- WHAT THE TASK ASKS -
Set down, word for word, each line from the top of the data through the line that has "为提升学生对大学生活的认知,引导新生树立"; omit every picture.

- Data entries -
● ● ● ● ● ● ●

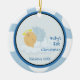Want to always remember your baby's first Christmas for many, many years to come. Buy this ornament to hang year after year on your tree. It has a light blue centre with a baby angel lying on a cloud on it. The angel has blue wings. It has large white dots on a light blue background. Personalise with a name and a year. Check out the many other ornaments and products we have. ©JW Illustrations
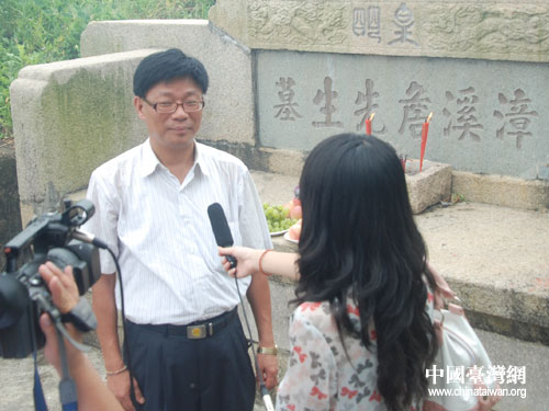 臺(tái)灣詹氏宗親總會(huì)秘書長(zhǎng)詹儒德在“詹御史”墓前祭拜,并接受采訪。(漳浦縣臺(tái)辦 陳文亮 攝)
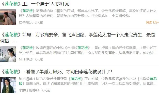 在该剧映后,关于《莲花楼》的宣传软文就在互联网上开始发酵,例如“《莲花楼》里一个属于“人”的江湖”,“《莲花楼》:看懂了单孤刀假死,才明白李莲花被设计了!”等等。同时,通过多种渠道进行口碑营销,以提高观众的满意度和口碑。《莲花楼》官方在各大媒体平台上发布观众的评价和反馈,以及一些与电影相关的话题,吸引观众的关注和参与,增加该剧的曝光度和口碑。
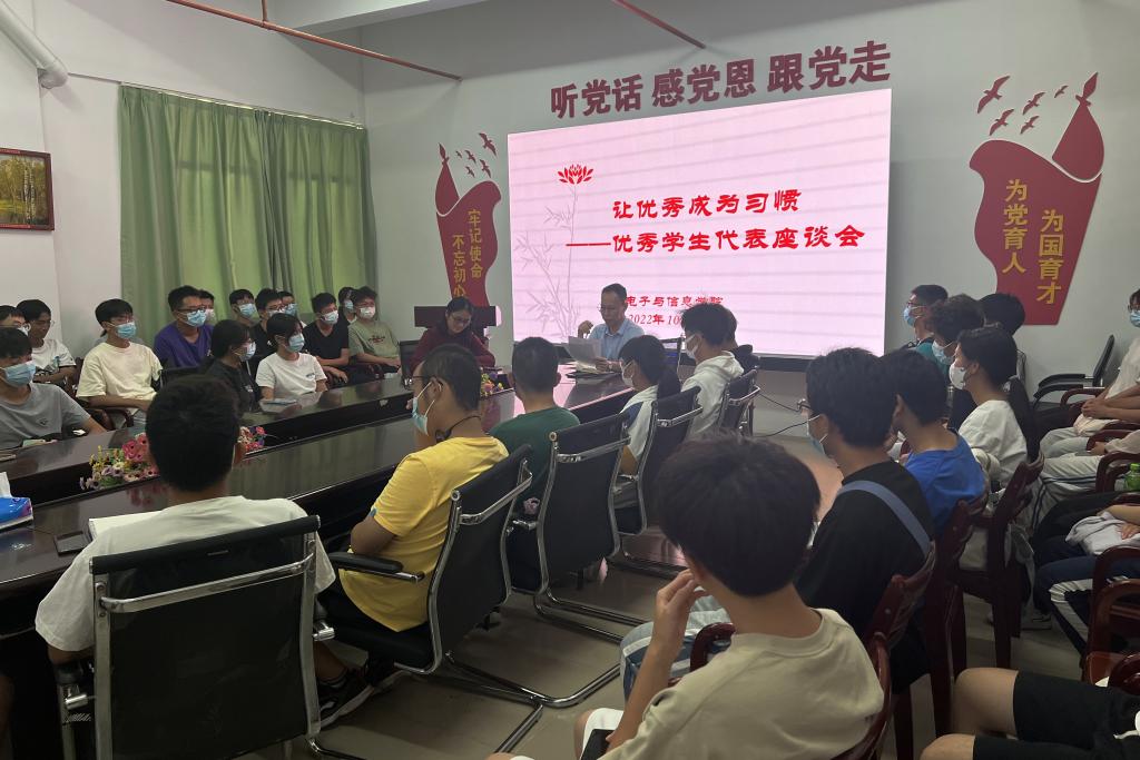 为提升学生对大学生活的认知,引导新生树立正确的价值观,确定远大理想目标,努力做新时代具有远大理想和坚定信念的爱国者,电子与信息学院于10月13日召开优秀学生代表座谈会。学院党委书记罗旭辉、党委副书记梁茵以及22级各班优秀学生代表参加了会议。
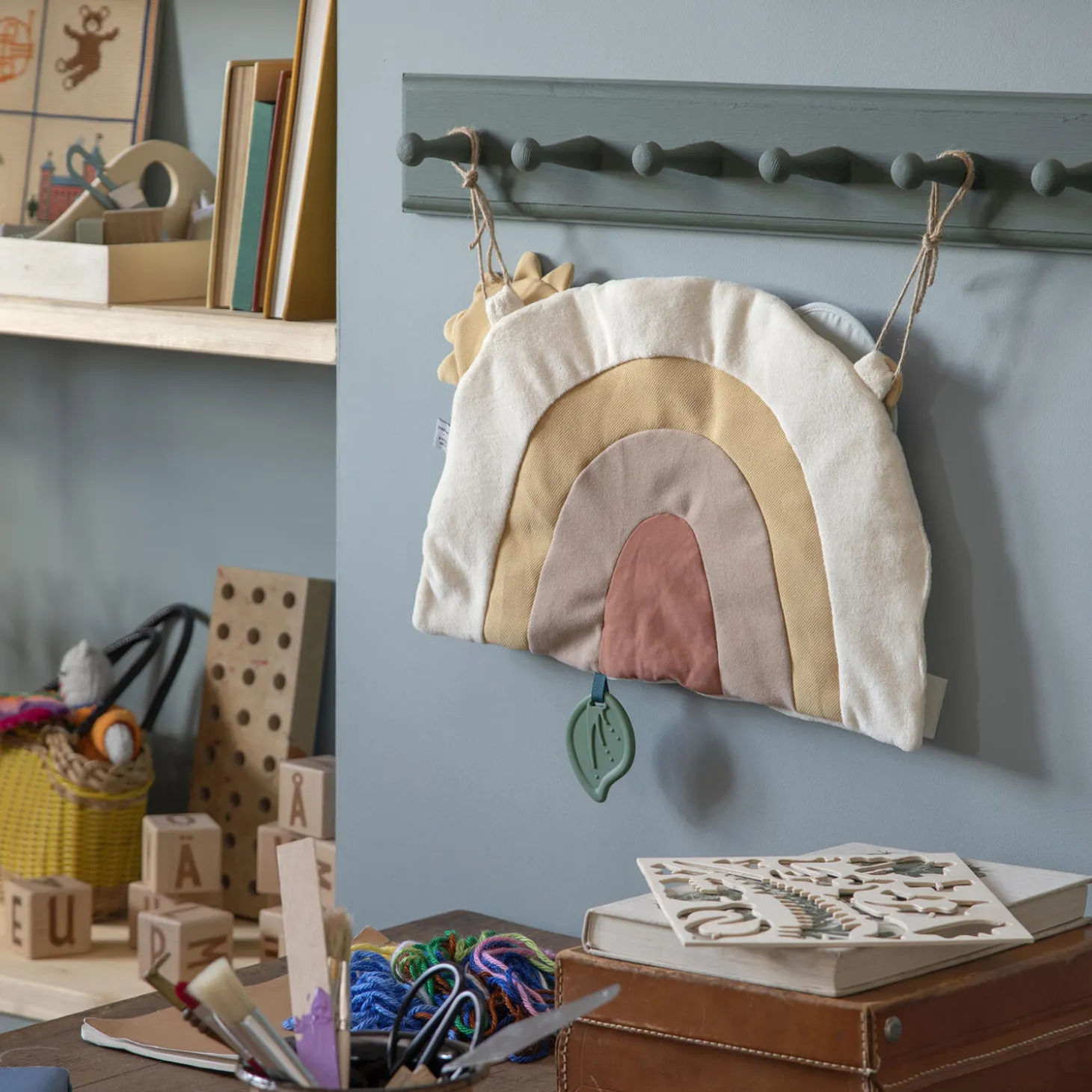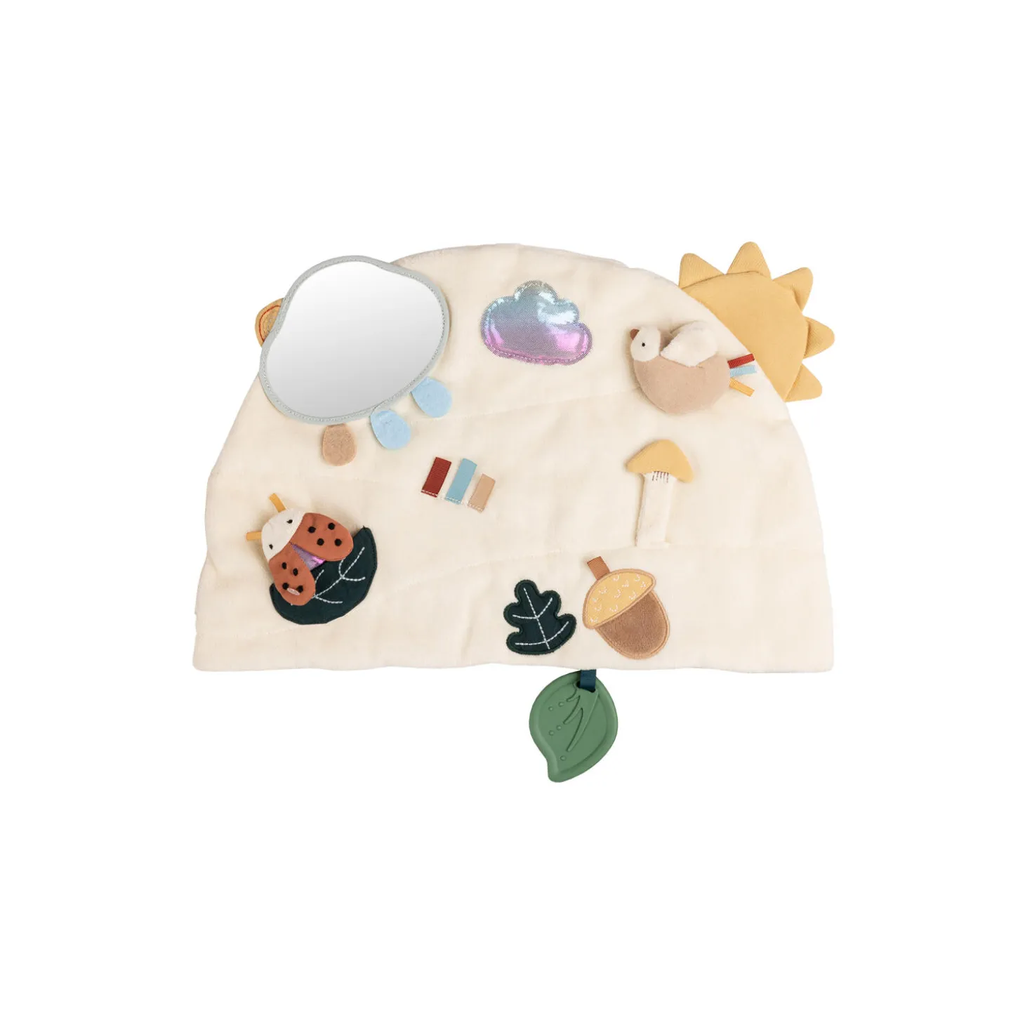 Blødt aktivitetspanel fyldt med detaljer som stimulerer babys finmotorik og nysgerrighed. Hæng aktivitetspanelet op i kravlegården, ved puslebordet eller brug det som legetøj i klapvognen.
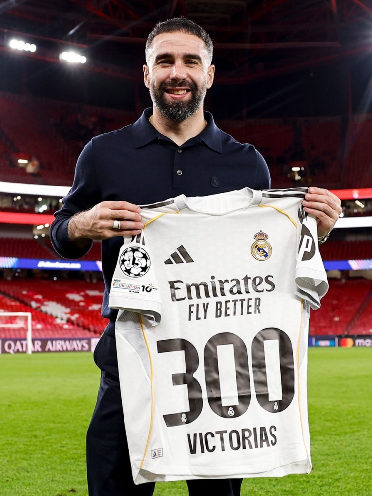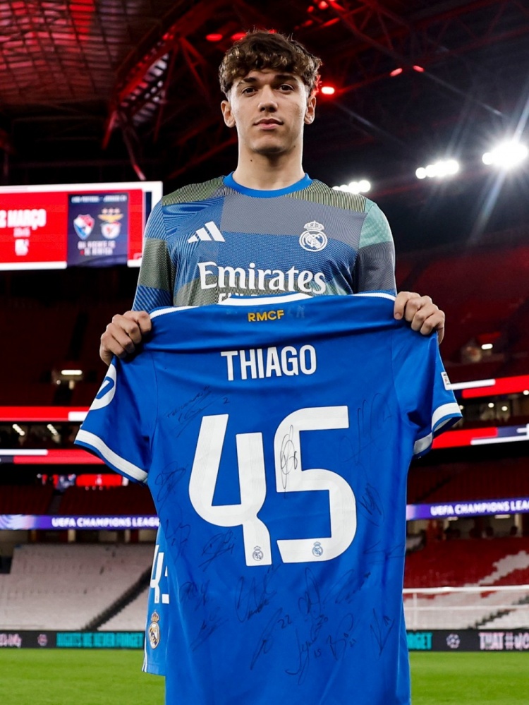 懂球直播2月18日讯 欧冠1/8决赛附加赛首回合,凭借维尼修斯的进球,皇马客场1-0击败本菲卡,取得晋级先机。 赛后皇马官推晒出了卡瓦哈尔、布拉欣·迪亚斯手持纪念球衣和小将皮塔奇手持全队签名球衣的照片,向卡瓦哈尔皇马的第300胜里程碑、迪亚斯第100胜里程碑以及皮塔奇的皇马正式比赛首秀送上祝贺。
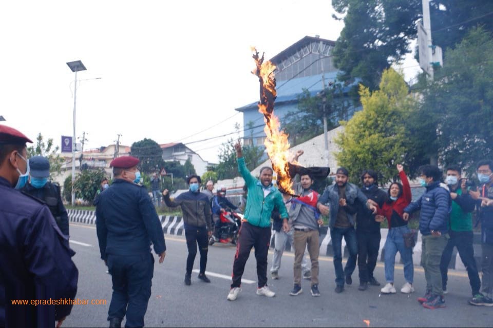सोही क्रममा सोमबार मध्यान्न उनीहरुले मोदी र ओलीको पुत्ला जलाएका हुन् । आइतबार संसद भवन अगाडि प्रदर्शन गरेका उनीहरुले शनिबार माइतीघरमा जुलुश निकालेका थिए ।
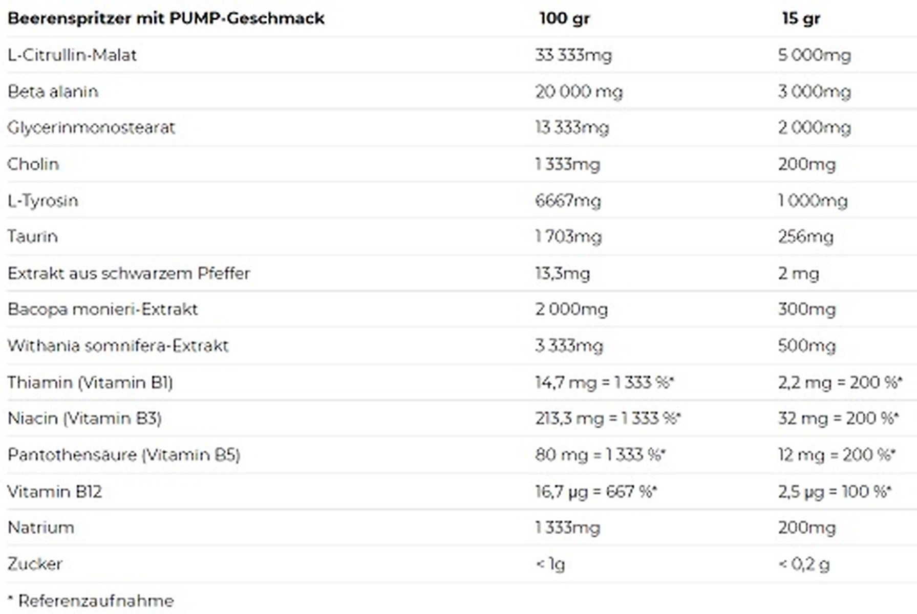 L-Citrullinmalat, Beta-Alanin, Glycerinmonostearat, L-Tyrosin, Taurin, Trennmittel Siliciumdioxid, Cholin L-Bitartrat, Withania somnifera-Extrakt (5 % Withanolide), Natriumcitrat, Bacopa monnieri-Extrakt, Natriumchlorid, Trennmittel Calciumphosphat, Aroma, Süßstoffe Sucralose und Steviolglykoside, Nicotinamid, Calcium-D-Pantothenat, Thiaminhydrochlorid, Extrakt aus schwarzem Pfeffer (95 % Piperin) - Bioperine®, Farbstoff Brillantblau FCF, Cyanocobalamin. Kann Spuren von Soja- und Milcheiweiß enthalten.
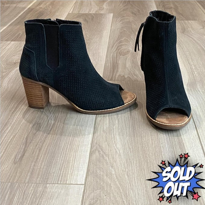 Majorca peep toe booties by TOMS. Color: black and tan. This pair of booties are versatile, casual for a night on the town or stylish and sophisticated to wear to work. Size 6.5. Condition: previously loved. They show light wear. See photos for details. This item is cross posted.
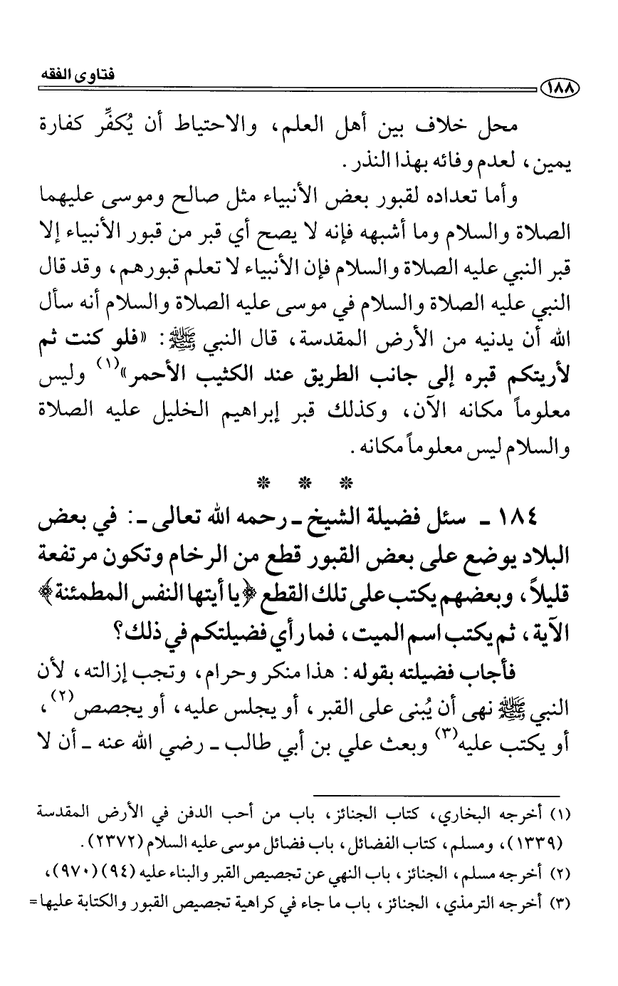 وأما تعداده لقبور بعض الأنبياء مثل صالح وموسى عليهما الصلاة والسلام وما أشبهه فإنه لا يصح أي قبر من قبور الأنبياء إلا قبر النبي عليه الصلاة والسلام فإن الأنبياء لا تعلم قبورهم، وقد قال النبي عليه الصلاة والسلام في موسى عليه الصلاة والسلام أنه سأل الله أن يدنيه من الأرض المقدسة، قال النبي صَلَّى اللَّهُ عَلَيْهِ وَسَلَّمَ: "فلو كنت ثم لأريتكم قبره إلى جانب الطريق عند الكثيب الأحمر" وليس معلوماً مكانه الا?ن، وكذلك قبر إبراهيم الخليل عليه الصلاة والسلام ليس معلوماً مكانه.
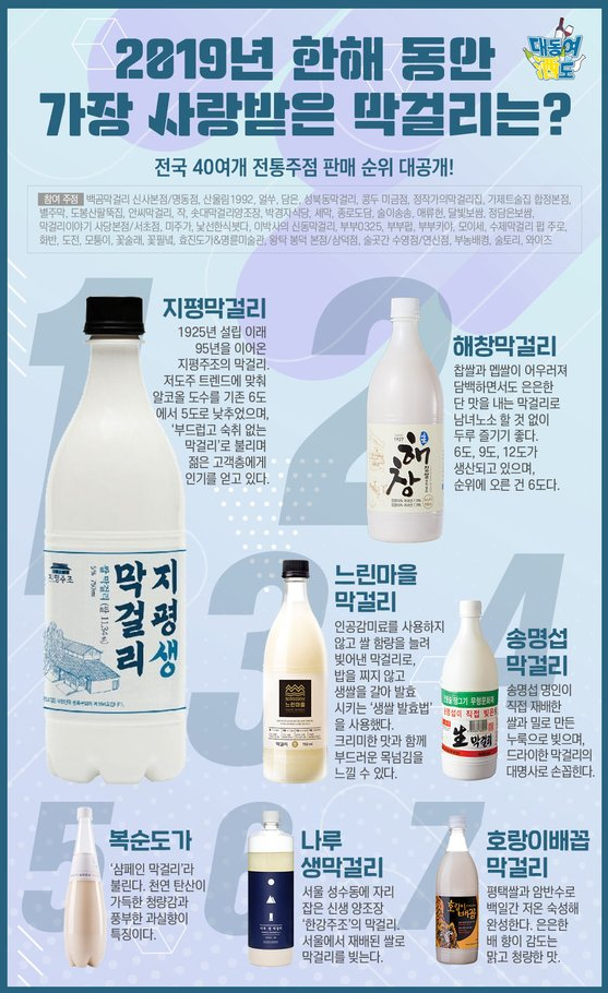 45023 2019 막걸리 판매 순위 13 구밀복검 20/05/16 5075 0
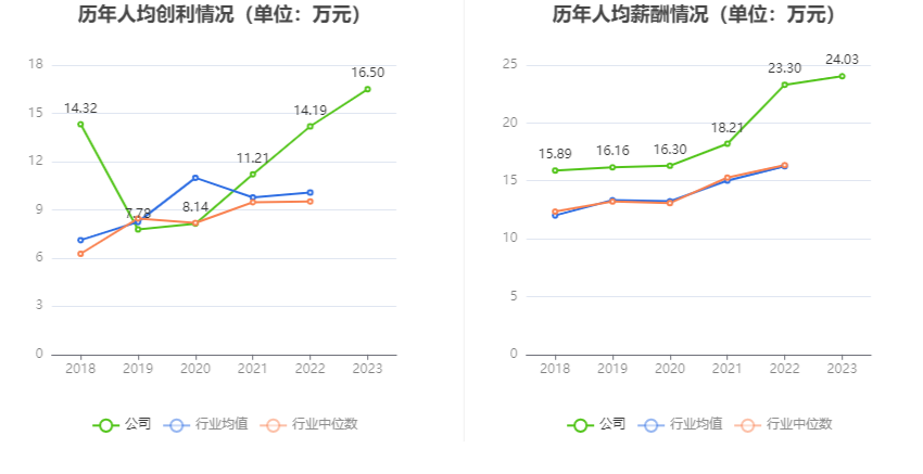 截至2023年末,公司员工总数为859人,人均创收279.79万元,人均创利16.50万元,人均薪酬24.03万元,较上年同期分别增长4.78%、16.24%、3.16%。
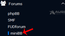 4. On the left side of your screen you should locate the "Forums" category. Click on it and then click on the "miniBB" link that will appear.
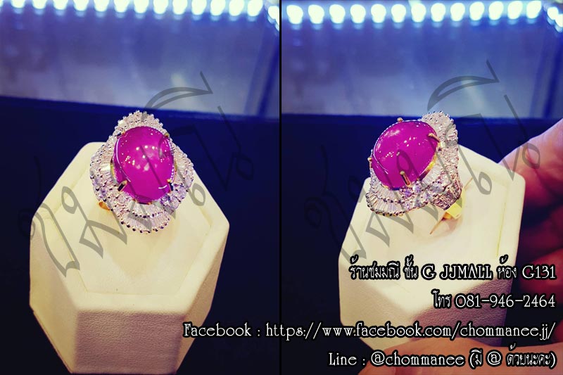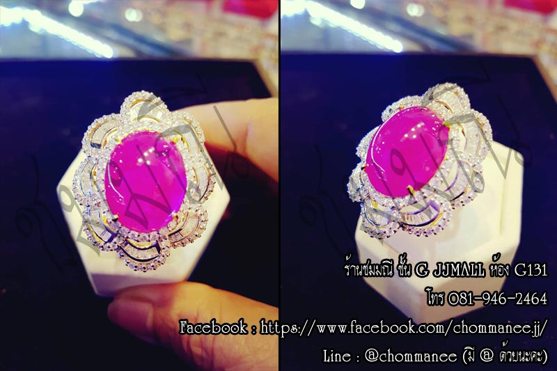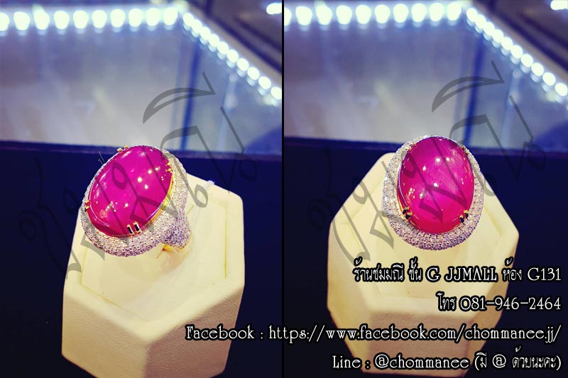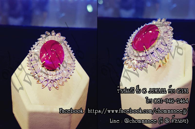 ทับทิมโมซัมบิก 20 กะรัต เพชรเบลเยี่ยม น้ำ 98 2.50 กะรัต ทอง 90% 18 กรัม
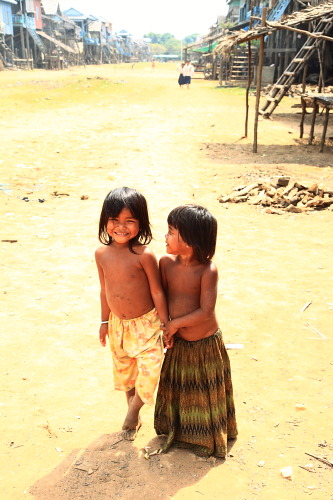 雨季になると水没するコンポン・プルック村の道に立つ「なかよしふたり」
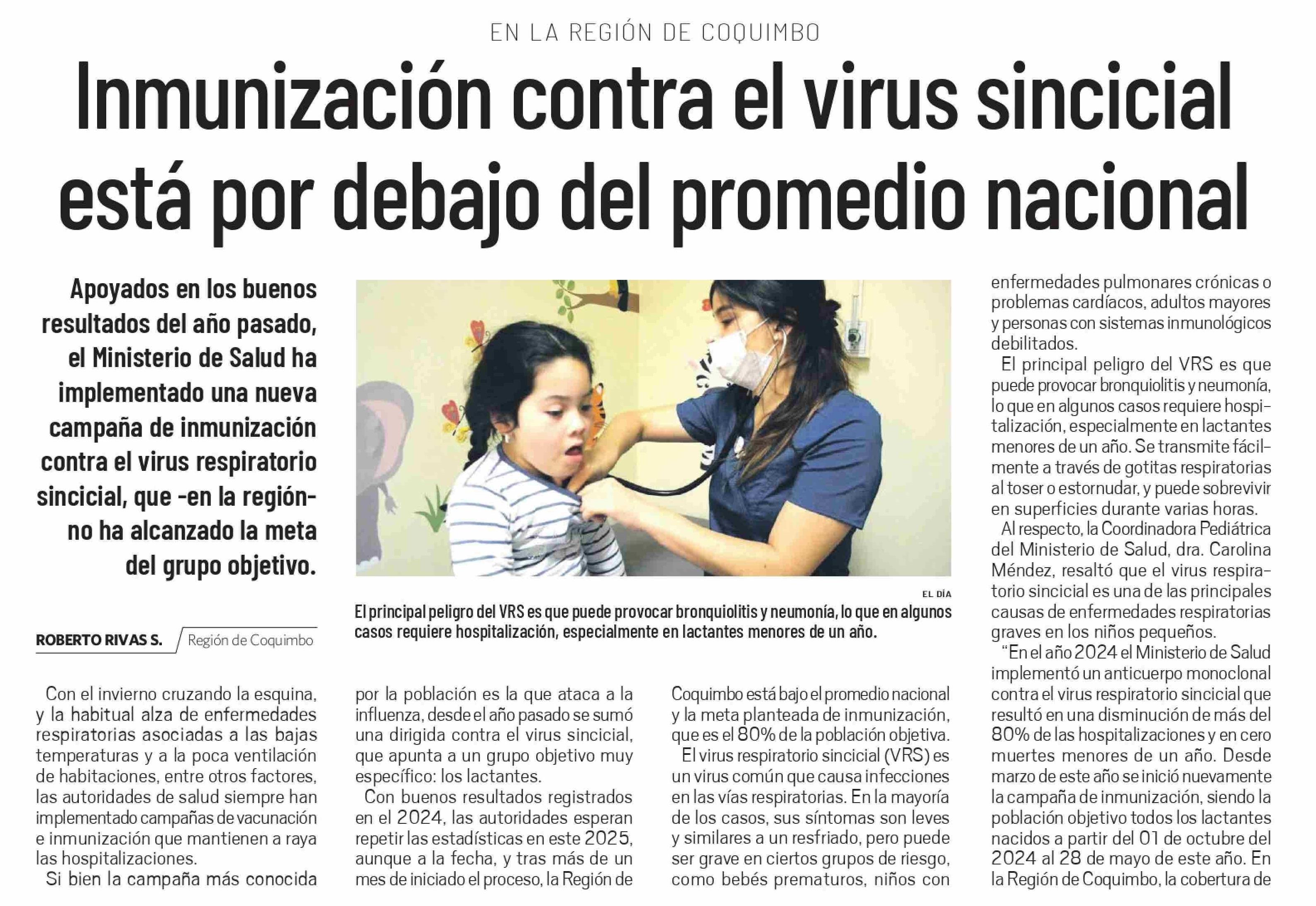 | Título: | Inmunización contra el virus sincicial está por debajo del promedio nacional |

● ● ● ● ● ● ●

- YOUR RESPONSE -
Want to always remember your baby's first Christmas for many, many years to come. Buy this ornament to hang year after year on your tree. It has a light blue centre with a baby angel lying on a cloud on it. The angel has blue wings. It has large white dots on a light blue background. Personalise with a name and a year. Check out the many other ornaments and products we have. ©JW Illustrations
 臺(tái)灣詹氏宗親總會(huì)秘書長(zhǎng)詹儒德在“詹御史”墓前祭拜,并接受采訪。(漳浦縣臺(tái)辦 陳文亮 攝)
 在该剧映后,关于《莲花楼》的宣传软文就在互联网上开始发酵,例如“《莲花楼》里一个属于“人”的江湖”,“《莲花楼》:看懂了单孤刀假死,才明白李莲花被设计了!”等等。同时,通过多种渠道进行口碑营销,以提高观众的满意度和口碑。《莲花楼》官方在各大媒体平台上发布观众的评价和反馈,以及一些与电影相关的话题,吸引观众的关注和参与,增加该剧的曝光度和口碑。
 为提升学生对大学生活的认知,引导新生树立正确的价值观,确定远大理想目标,努力做新时代具有远大理想和坚定信念的爱国者,电子与信息学院于10月13日召开优秀学生代表座谈会。学院党委书记罗旭辉、党委副书记梁茵以及22级各班优秀学生代表参加了会议。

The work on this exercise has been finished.